During training, all token predictions in a sequence can be computed in parallel because the true sequence is known. A causal mask prevents information leakage from future tokens.

During generation, tokens must be produced sequentially. The model cannot generate token $t+1$ before token $t$ exists.

This creates an inference bottleneck.

To improve generation speed, systems use techniques such as:

| Technique | Purpose |
|---|---|
| KV caching | Reuse previous attention keys and values |
| Speculative decoding | Draft multiple tokens with a smaller model |
| Quantization | Reduce memory bandwidth and compute cost |
| Batching | Serve multiple requests together |
| Tensor parallelism | Split computation across devices |

Autoregressive models are therefore easy to train in parallel but relatively expensive to decode one token at a time.

### Autoregressive Modeling Beyond Text

Autoregressive modeling applies to any data that can be represented as a sequence.

Examples include:

| Domain | Sequence elements |
|---|---|
| Text | Tokens, subwords, bytes |
| Audio | Samples, frames, codes |
| Images | Pixels, patches, discrete visual tokens |
| Video | Frames, patches, latent codes |
| Code | Tokens |
| Actions | Control commands |
| Molecules | Atoms or string tokens |

For images, an autoregressive model might generate pixels or patches in raster order. For audio, it might generate waveform samples or compressed audio tokens. For multimodal systems, the model may generate text conditioned on image, audio, or video embeddings.

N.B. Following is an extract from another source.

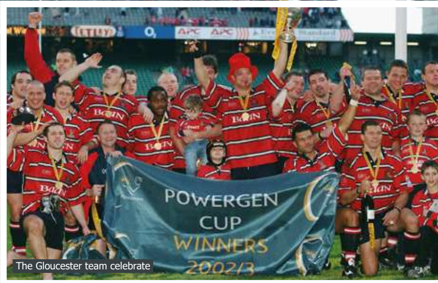
The Gloucester team celebrate

The essential structure remains the same:

$$
p(x_{1:T}) =
\prod_{t=1}^{T}
p(x_t \mid x_{1:t-1}).
$$

### Strengths and Limitations

Autoregressive modeling has several strengths.

It gives a valid probability distribution over sequences. It supports open-ended generation. It is compatible with maximum likelihood training. It scales well with transformers. It naturally handles variable-length outputs.

It also has limitations.

Generation is sequential. Long outputs are expensive. Errors can accumulate. The model can overfit to local next-token prediction while failing at long-horizon planning. It can produce fluent text without grounded truth. It can be sensitive to decoding settings.

Modern language models address these limitations with larger context windows, retrieval, tool use, preference optimization, inference-time search, and external verification.

Autoregressive modeling remains the central foundation for GPT-style language models. Its power comes from a simple training signal repeated at enormous scale: predict the next token.